Marceline Desbordes-Valmore,

 

née à Douai le 20 juin 1786 et morte à Paris le 23 juillet 1859,

 

est une poétesse française.





Les Lettres
Elégies

        Hélas ! que voulez-vous de moi,
    Lettres d’amour, plaintes mystérieuses ?
Vous dont j’ai repoussé longtemps avec effroi
        Les prières silencieuses,
Vous m’appelez ... je rêve, et je cherche, en tremblant,
Sur mon cœur, une clef qui jamais ne s’égare :
D’un éclair l’intervalle à présent nous sépare ;
        Mais cet intervalle est brûlant !

Je n’ose respirer ! triste sans amertume,
Au passé, malgré moi, je me sens réunir :
Las d’oppresser mon sein, l’ennui qui me consume
        Va m’attendre dans l’avenir.
Je cède : prends sa place, ô délirante joie !
Laisse fuir la douleur, cache-moi l’horizon :
        Elle t’abandonne sa proie,
        Je t’abandonne ma raison !
Oui, du bonheur vers moi l’ombre se précipite :
De ce pupitre ouvert l’amour s’échappe encor.
        Où va mon âme ? ... elle me quitte ;
Plus prompte que ma vue, elle atteint son trésor !

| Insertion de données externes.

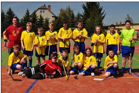
Florbalový turnaj (20.4.2011)

Il est là ! ... toujours là, sous vos feuilles chéries,
    Frêles garants d’une éternelle ardeur ;
Unique enchantement des tristes rêveries
            Où m’égara mon cœur !
        De sa pensée échos fidèles,
        De ses vœux discrets monuments,
L’Amour, qui l’inspirait, a dépouillé ses ailes
        Pour tracer vos tendres serments.
Soulagement d’un cœur, et délices de l’autre,
Ingénieux langage et muet entretien !
L’empire de l’absence est détruit par le vôtre ;
Je vous lis, mon regard est fixé sur le sien !
Ne renfermez-vous pas la promesse adorée
Qu’il n’aimera que moi ... qu’il aimera toujours ?
        Cette fleur qu’il a respirée,
        Ce ruban qu’il porta deux jours ? ...
Comme la volupté, que j’ai connue à peine,
La fleur exhale encore un parfum languissant ;
        N’est-ce pas sa brûlante haleine ?
N’est-ce pas de son âme un souffle caressant ?
Du ruban qu’il m’offrit que la couleur est belle !
        Le ciel n’a pas un bleu plus pur ;
        Non, des cieux le voile d’azur
        Ne me charmerait pas comme elle !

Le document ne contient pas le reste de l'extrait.